• **Data below**
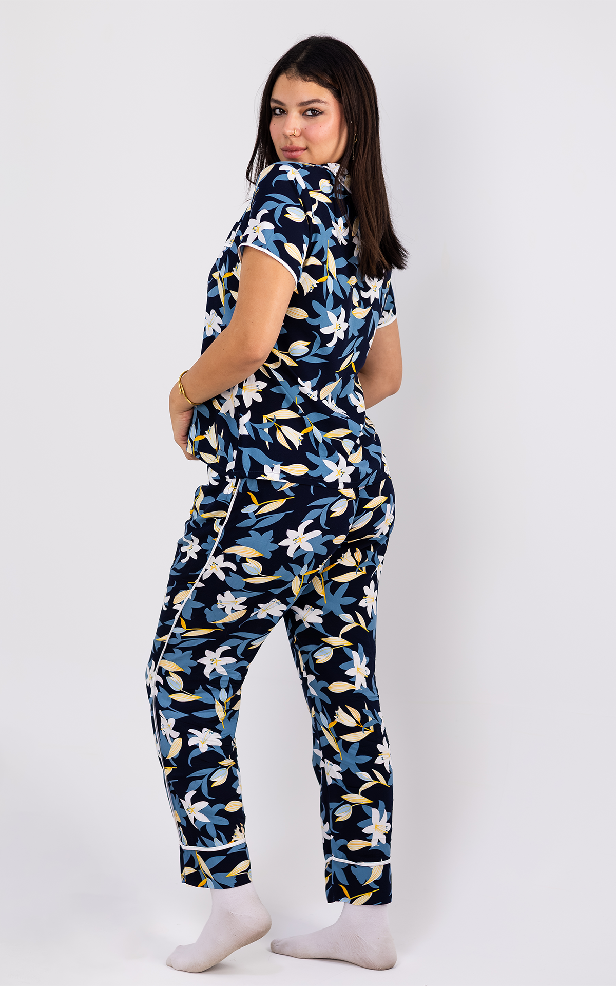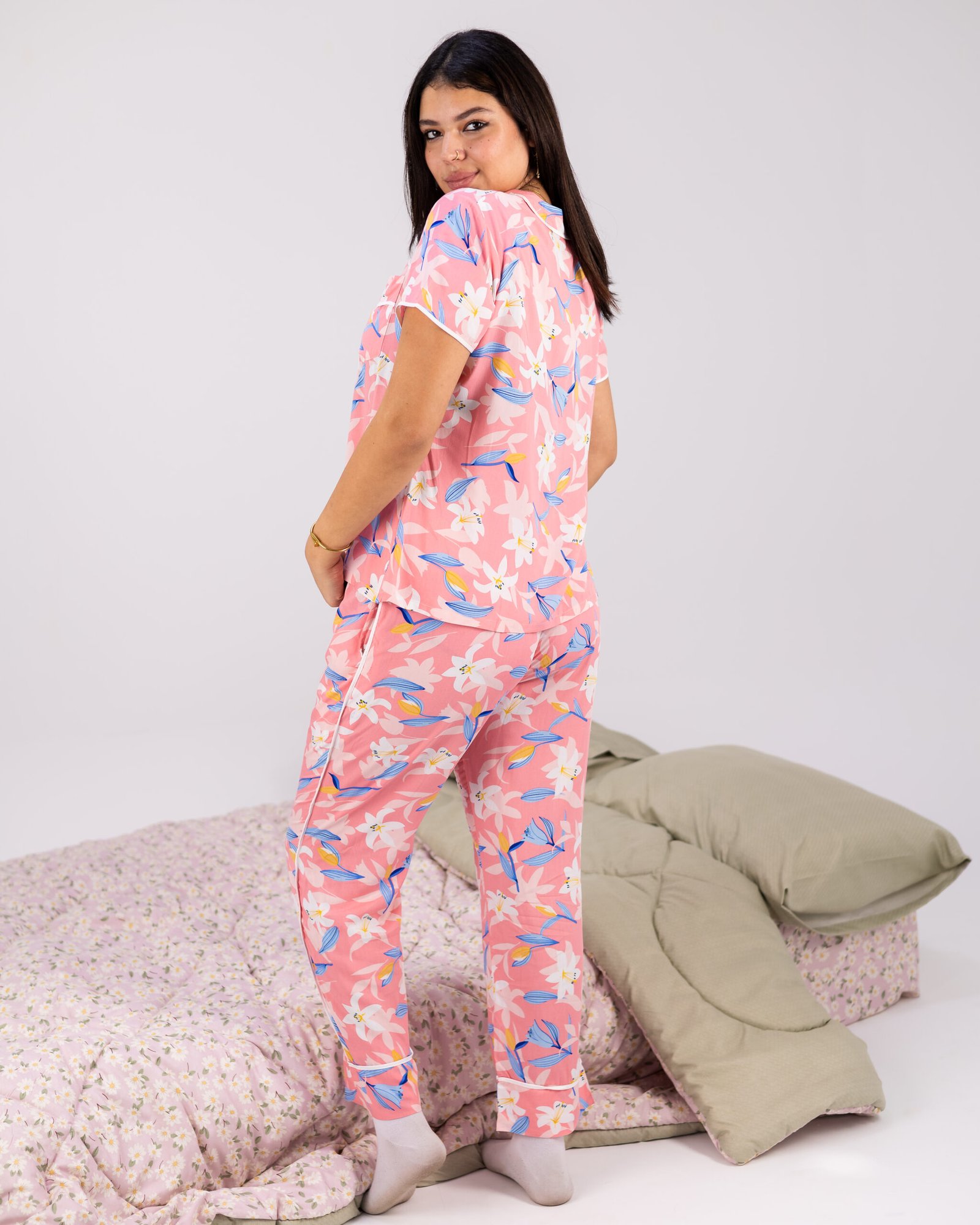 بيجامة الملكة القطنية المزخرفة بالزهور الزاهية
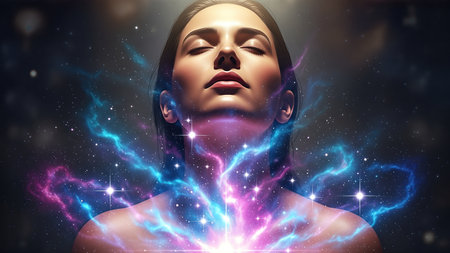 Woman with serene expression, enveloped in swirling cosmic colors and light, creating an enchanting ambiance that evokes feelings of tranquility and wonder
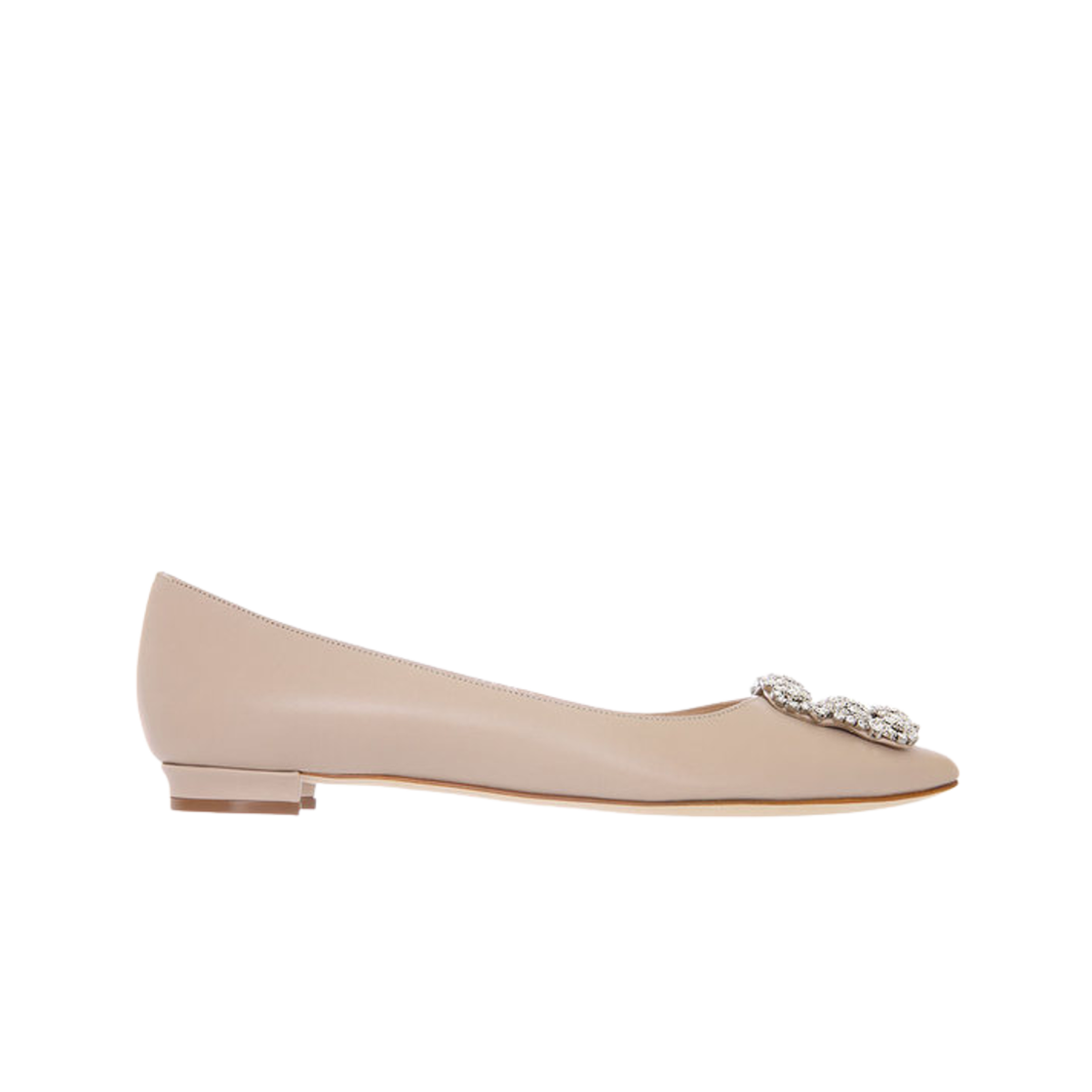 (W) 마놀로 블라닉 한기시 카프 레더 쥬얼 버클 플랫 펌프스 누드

• **Task directions**
Quote the listing above in full, except for the pictures.

• **Your solution**
 بيجامة الملكة القطنية المزخرفة بالزهور الزاهية
 Woman with serene expression, enveloped in swirling cosmic colors and light, creating an enchanting ambiance that evokes feelings of tranquility and wonder
 (W) 마놀로 블라닉 한기시 카프 레더 쥬얼 버클 플랫 펌프스 누드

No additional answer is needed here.